Bei den Burgfestspielen erklärte Landrat Arndt Steinbach den Gästen die Förderung über den Kulturraum, dessen Gesetz bislang einmalig in Deutschland ist. Im Vergleich zum Rems-Murr-Kreis haben die sächsischen Landkreise aufgrund ihrer Geschichte weitaus mehr staatliche Kulturadressen zu verwalten. „Die Burgfestspiele“, so Arndt Steinbach, „sind ein gutes Beispiel für die Wiederbelebung einer traditionsreichen Idee vor etwa 100 Jahren mit neuen Inhalten, dargeboten von Theatern, Orchestern, Chören, die über den Kulturraum gefördert werden.“ Dem kulturpolitischen Seminar folgte die Aufführung der „Hebamme“ auf dem Burgberg – leider bei schaurigem Wetter.

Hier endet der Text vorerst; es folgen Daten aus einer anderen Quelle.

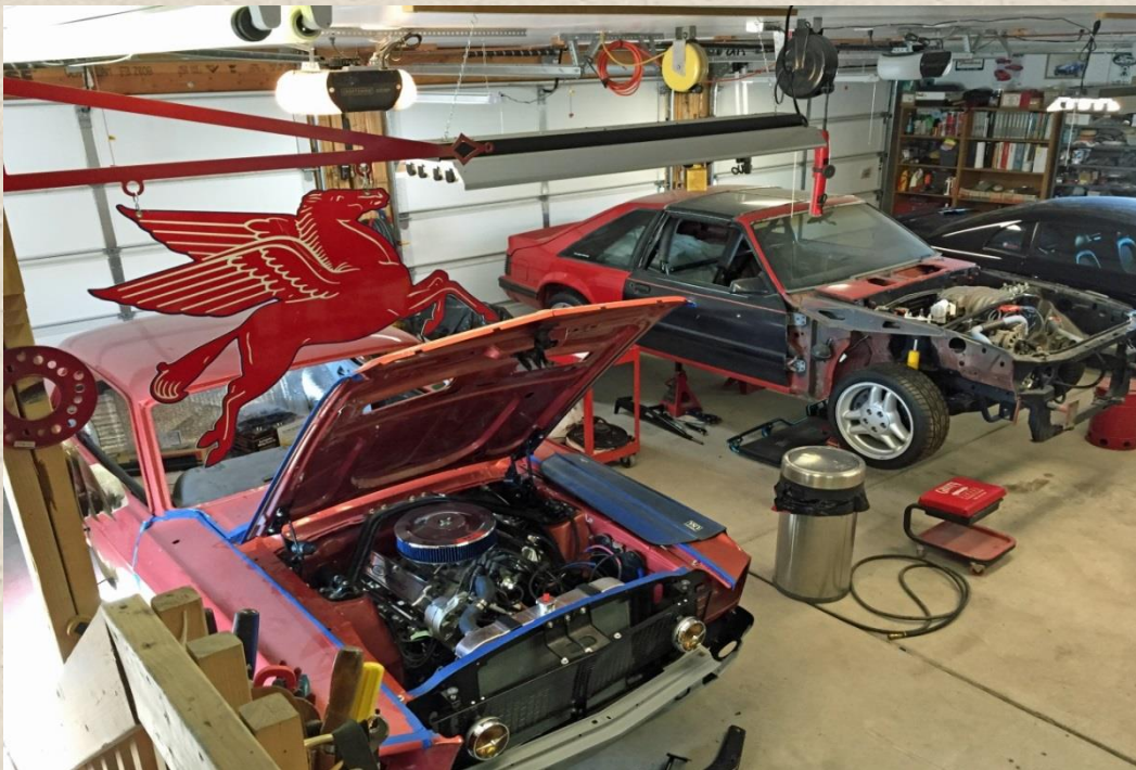
Terry's Current Projects

In closing, here's some advice -- take advantage of our variable Colorado weather -- when it is beautiful, get out and enjoy driving your Mustangs. When it's not, head out to the garage to build, clean, tinker or just soak up the glow of those beautiful pony cars we own. See you on the 28 th for the drive to the Shelby Museum!
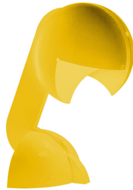
Shown in yellow

The Ruspa Table Lamp takes its name from the Italian word for bulldozer, a reference to its moveable arms and reflectors that recall the look of a bulldozer's front blade and hydraulic arms. The two halves of the reflector shade can be raised and lowered independently to direct light upwards or downwards, and the arm tilts backwards and forwards. Originally designed in 1968, Ruspa is a mid-century Italian classic that will stand out in any space. On/off switch on cord.
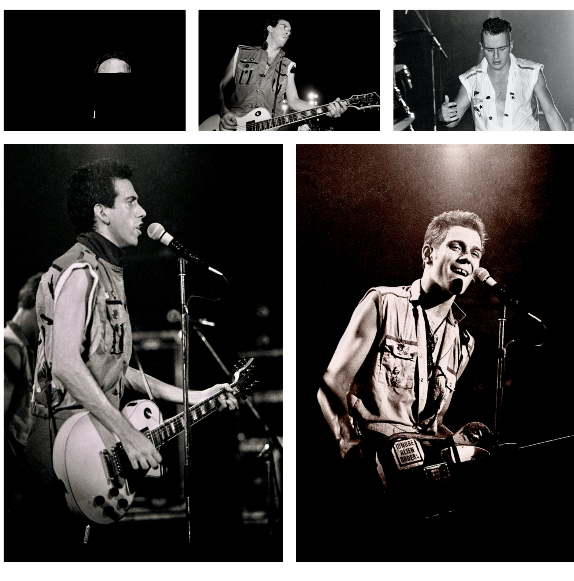
Click photo for larger image

This show eventually turned out to be the very last Clash gig in London with Mick Jones in the band. Things had begun to disintegrate right before the release of 'Combat Rock' when drummer Topper Headon was fired because of his heroin addiction. Strummer, Jones and Simonon soldiered on with Terry Chimes reclaiming the drum stool. However, the friction within the band was beginning to boil over around the time of this Brixton gig.
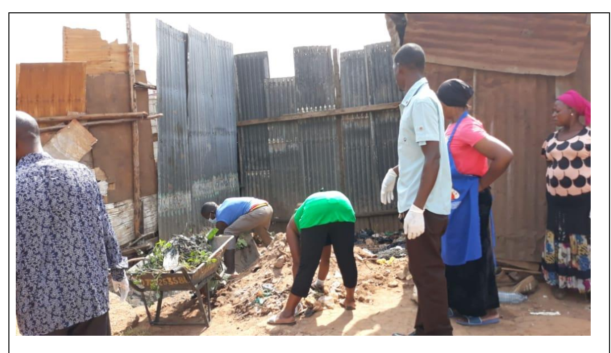
Table 1: Cholera Outbreak Situation pictorial – 6^{th} February 2019
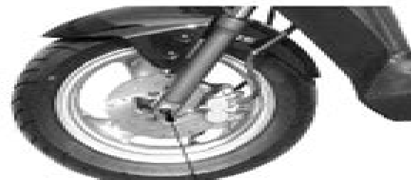
Front Axle Nut
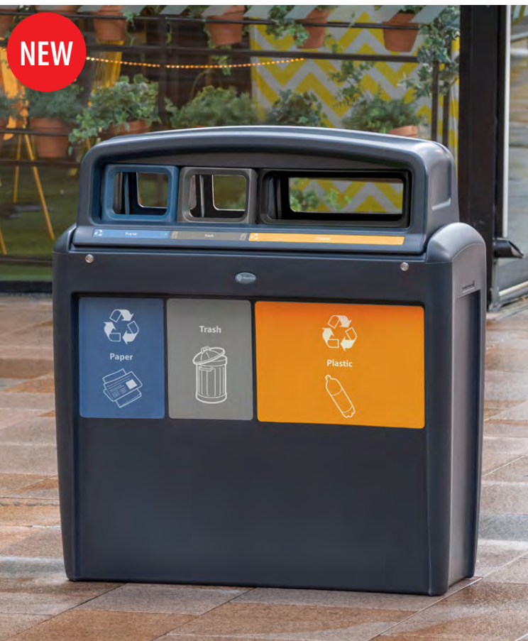
NEW Nexus® Transform City Recycling Station
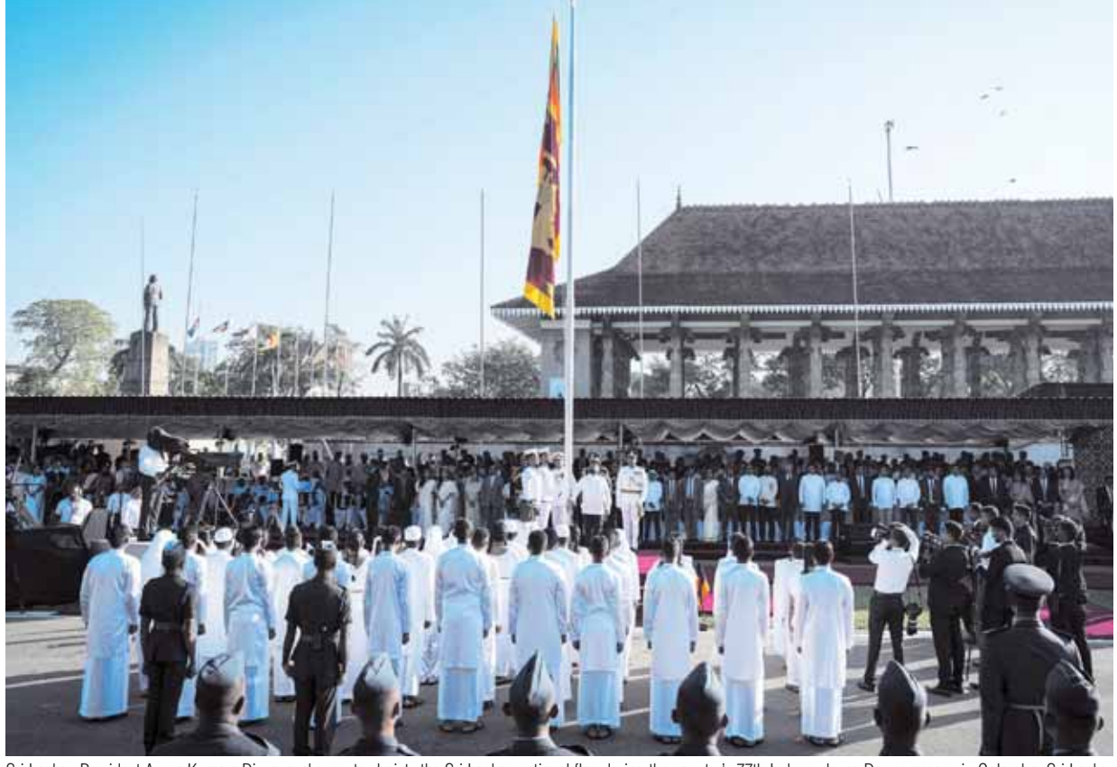
Sri Lankan President Anura Kumara Dissanayake, center, hoists the Sri Lankan national flag during the country's 77th Independence Day ceremony in Colombo, Sri Lanka, Tuesday.

President Anura Kumara Dissanayake on Tuesday said that Sri Lanka must work in unison to achieve economic freedom rather than yield to vulnerabilities within the global economic system.
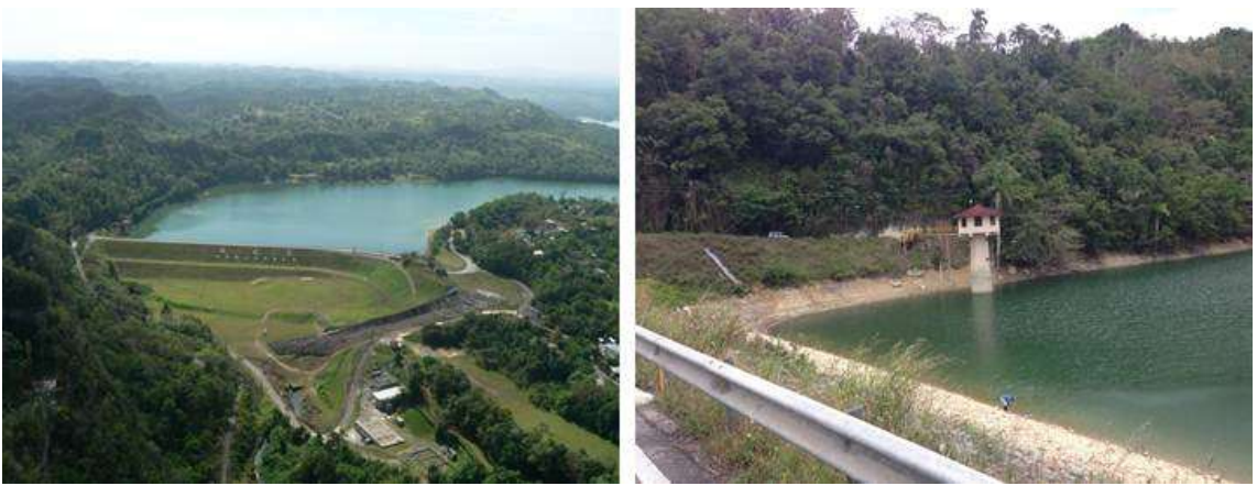
Figure 3. Aerial photos courtesy of Puerto Rico Energy and Power Authority (PREPA).

water supply. This 120-foot wall dam is one of 38 dams in Puerto Rico and is considered a high hazard potential structure.

Das Sommerfest des Landkreises mit mehr als 500 Gästen in der Winzergenossenschaft auf dem Bennoweg in Meißen bildete den Abschluss des Besuchs. In diesem Jahr galt die Aufmerksamkeit dem 80. Gründungsjubiläum der Winzergenossenschaft. Landrat Dr. Sigel hatte dafür zwei besondere Gratulantinnen mitgebracht, die württembergische Weinprinzessin Anja Off und die zu diesem Zeitpunkt amtierende Schwäbische Waldfee Sara Zaiss. Zum Abschied wurden die Erlebnisse der zurückliegenden Tage ausgetauscht auch mit Blick auf die Entwicklung des geeinten Deutschlands. Fazit: Auch 25 Jahre nach der deutschen Einheit sind die Unterschiede bei der Betrachtung und Bewertung bundespolitischer Themen nicht zu überhören. Der Diskurs ist anregend und spannend, auch beim vergangenen Besuch in Meißen. In der Kommunalpolitik sieht es ganz anders aus: Fragen, Entwicklungstrends, Konzepte, auch Problemlösungen - bis hin zum Krisenmanagement unterscheiden sich kaum. Hier sind Ost und West eng zusammengerückt.